◆ Collected data entries

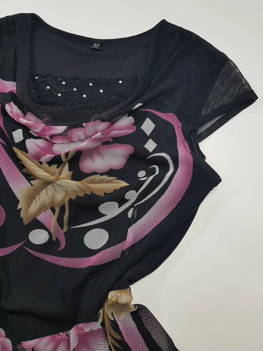 1990s Sexy Vintage Whimsical Dark Garden Fairy Dress - Mesh Cowl Neck - Tailored Beautifully- Handkerchief Hemline - Lace & Rhinestone Bust - Insane Floral Print
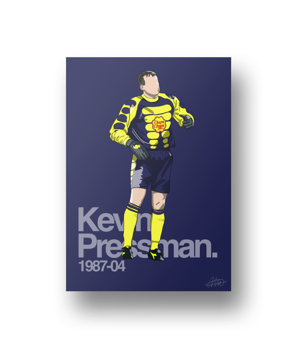 The Kevin Pressman Legend-Print is the perfect way to honour the great goalkeeper's career. Printed on 170gsm paper, this print shines with vibrant colours and incredible clarity. Celebrate Kevin Pressman with a timeless and beautiful print.
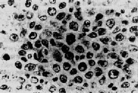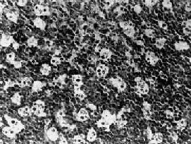 临床病理联系 多数患者起病缓慢,早期多无症状。主要表现为无痛性淋巴结肿大。晚期病变可累及多处淋巴结或其他器官。根据受累的器官不同可引起不同的症状。NHL的扩散途径与HD不同,多无一定规律。晚期病人常有发热、盗汗、消瘦及肝、脾肿大。 儿童淋巴瘤与成人淋巴瘤有些不同,淋巴结外器官的淋巴瘤比较多见。曲折核T细胞淋巴瘤伴纵隔肿块者和Burkitt淋巴瘤常见于儿童,前者常伴有急性淋巴细胞性白血病,预后很差。NHL的预后与病变范围和肿瘤的组织类型有关。病变局限在一个部位者预后较好。多组淋巴结受累、肝脾肿大或侵犯其他器官者预后较差。肿瘤的组织类型中,一般以小淋巴细胞型、浆细胞样淋巴细胞型和有核裂的滤泡中心细胞型,尤其是早期瘤细胞呈滤泡样增生者比弥漫增生者预后较好。无核裂细胞型预后较差。免疫母细胞型和曲折核T细胞淋巴瘤预后最差。 特殊类型的淋巴瘤 1.Burkitt淋巴瘤 Burkitt淋巴瘤是1958年Burkitt首先描述的发生于非洲儿童的一种淋巴瘤。现在世界各地都发现类似的病例。我国也有少数病例报道。患者主要为儿童和青年人。男性多于女性。 病变特点为肿瘤常发生于颌骨、颅面骨、腹腔器官和中枢神经系统等。一般不累及外周淋巴结和脾,也很少发生白血病。颌骨和眼眶的肿瘤在局部生长,侵蚀破坏附近组织,造成面部畸形。肿瘤发生于腹腔,常形成巨大肿块,并可累及腹膜后淋巴结、卵巢、肾、肝、肠等。累及中枢神经系统的肿瘤可侵犯脑膜或压迫脊髓。 肿瘤由小无核裂滤泡中心细胞恶性增生而来。镜下见大量瘤细胞弥漫增生,细胞大小相似,形态单一,胞浆少,呈嗜碱性及明显的嗜派若宁性。胞浆内有一些脂肪小空泡。细胞核较大,圆或椭圆形,染色质细,常有2~3个明显的核仁,核分裂像多见。肿瘤细胞常变性、坏死。瘤细胞表面有单克隆性免疫球蛋白,多数为IgM伴κ轻链,证实瘤细胞来自B细胞。瘤细胞间散在多数吞噬各种细胸碎屑的巨噬细胞,形成所谓满天星图像(图11-4)。 图11-4 Burkitt淋巴瘤 瘤细胞由小无核裂滤泡中心细胞组成,细胞大小相似,核圆形。瘤细胞间散在多数吞噬细胞呈“满天星”图像 ×280 Burkitt淋巴瘤对化疗效果较好,缓解期长。本病原因尚不清楚,由于常发生在温暖潮湿地带,故有人认为可能与蚊子或其他昆虫传播的病毒性感染有关。非洲流行区EB病毒感染率很高。约95%非洲Burkitt淋巴瘤细胞有EB病毒基因组,并且Burkitt淋巴瘤患者抗EB病毒抗体滴度增高。因此有人认为EB病毒与Burkitt淋巴瘤的发生有关。 此外,还有一组淋巴瘤也来源于小无核裂细胞,并具有与Burkitt淋巴瘤相似的细胞标记,但瘤组织结构和病人的预后与Burkitt淋巴瘤不同,称为非Burkitt淋巴瘤。非Burkitt淋巴瘤的瘤细胞比较多形性,大小不一,细胞核大小也不一致。核仁大而明显,有时只有一个大核仁。巨噬细胞造成的“满天星”现象不多见(图11-5)。非Burkitt淋巴瘤比较少见。多发生于成年人,治疗效果较差,预后也较差。 图11-5 小无核裂滤泡中心细胞型淋巴瘤—非Burkitt淋巴瘤 瘤细胞大不不甚一致,胞浆少,核多为圆形,大小形状也不一致 ×770 2.蕈样霉菌病 蕈样霉菌病(mycosis fungoides)是原发于皮肤的T细胞淋巴瘤。多发生于40~60岁。男性多于女性,约为2:1。 肉眼观,皮肤病变早期表现为湿疹样病损,皮肤瘙痒,表面有不规则的红色或棕色斑疹,逐渐发展使皮肤增厚变硬呈斑块状。以后形成多数不规则的棕红色瘤样结节。有时可溃破。 镜下可见皮肤表皮和真皮浅层及血管周围有多数瘤细胞和嗜酸性粒细胞、淋巴细胞、浆细胞和组织细胞浸润。瘤细胞体积较大,核大,染色深,高度扭曲,有深切迹,呈折叠状或脑回状。这些瘤细胞SIg阴性,与羊红细胞形成E花环,CD4+,来自T辅助细胞。真皮内的瘤细胞常侵入表皮,在表皮内聚集成堆形似小脓肿称为Pautrier微脓肿。晚期表皮可溃破,并可向深部浸润及真皮深部。 蕈样霉菌病早期病变局限于皮肤,以后常扩散至淋巴结和内脏,多见于脾、肝、肺和骨髓等处。病变局限于皮肤者治疗效果较好,扩散至内脏者预后较差。 (责任编辑:泉水) |
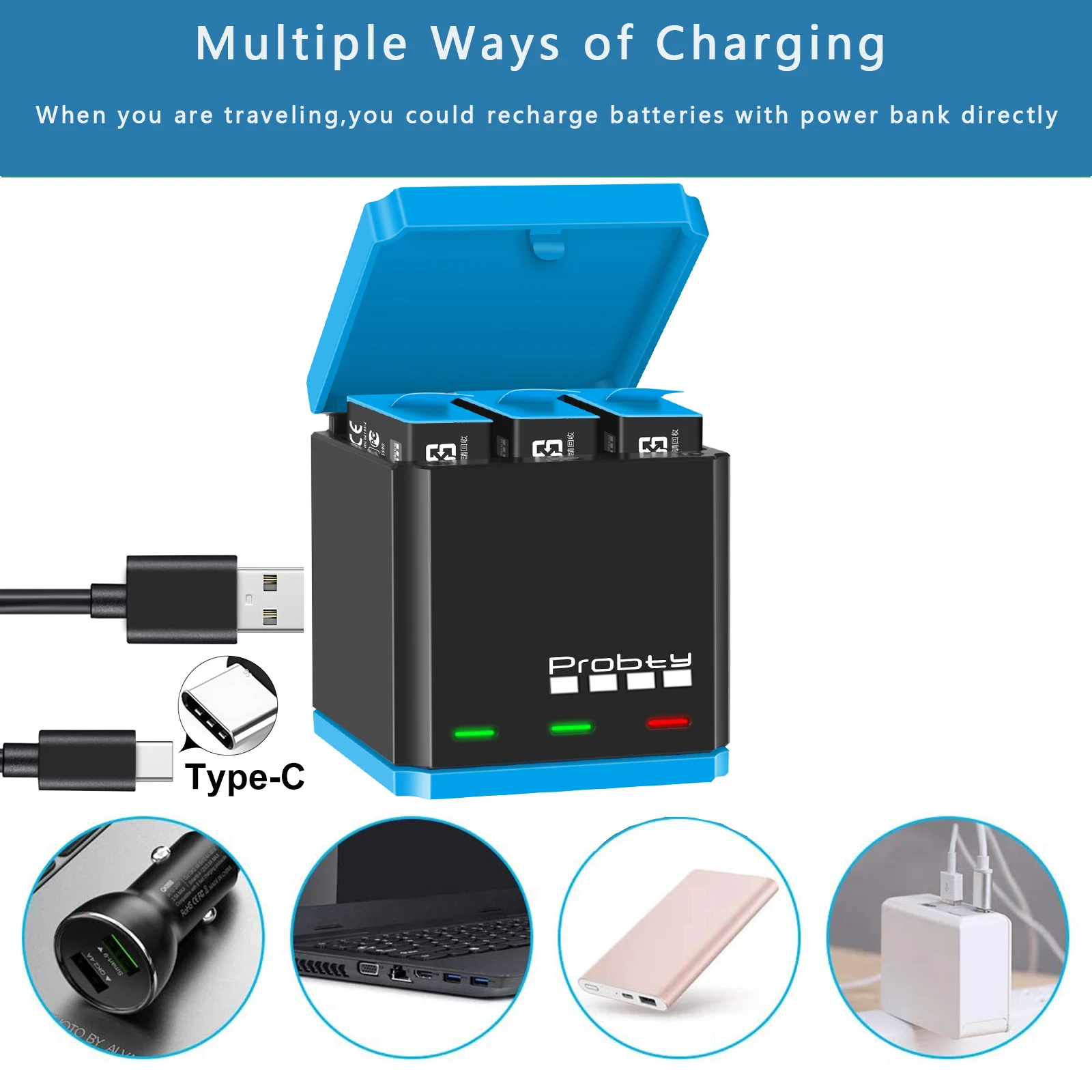 Для GoPro Hero 10 9 3 Слот для карт со светодиодной подсветкой зарядное устройство для аккумулятора чехол для телефона черный
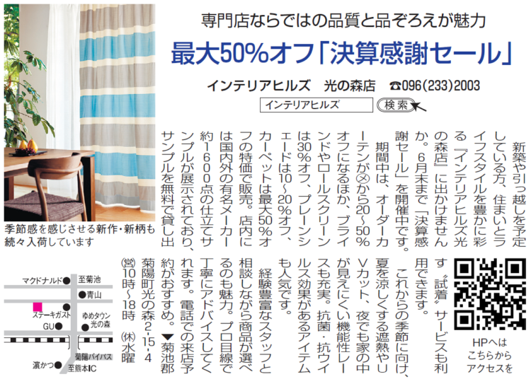 インテリアヒルズでは、「決算感謝セール」開催中です
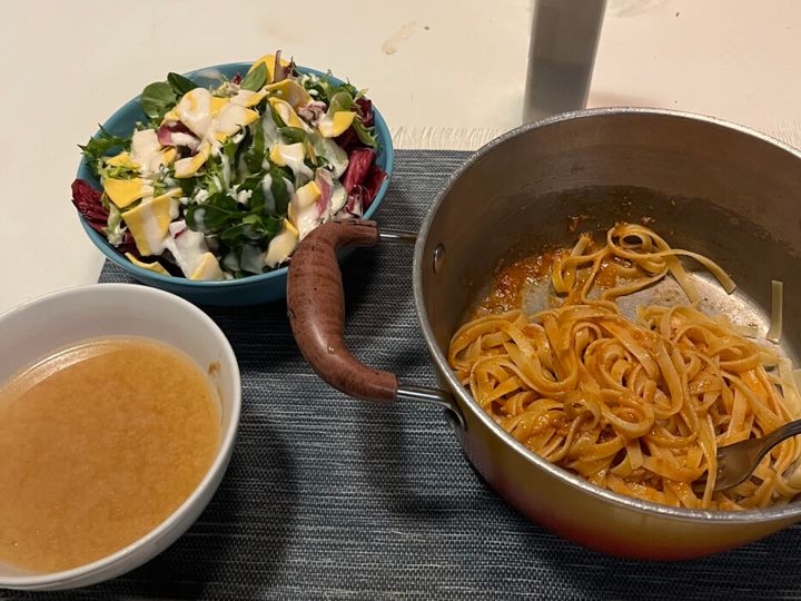 出会った日の夕食。多く作りすぎたのでお裾分けをした。

◆ TASK INSTRUCTIONS
Exactly the lines from the one with "インテリアヒルズでは、「決算感謝セール」開催中です" through the end of the records are to be repeated, both ends included, and pictures are to be omitted.

◆ ANSWER AREA
 インテリアヒルズでは、「決算感謝セール」開催中です
 出会った日の夕食。多く作りすぎたのでお裾分けをした。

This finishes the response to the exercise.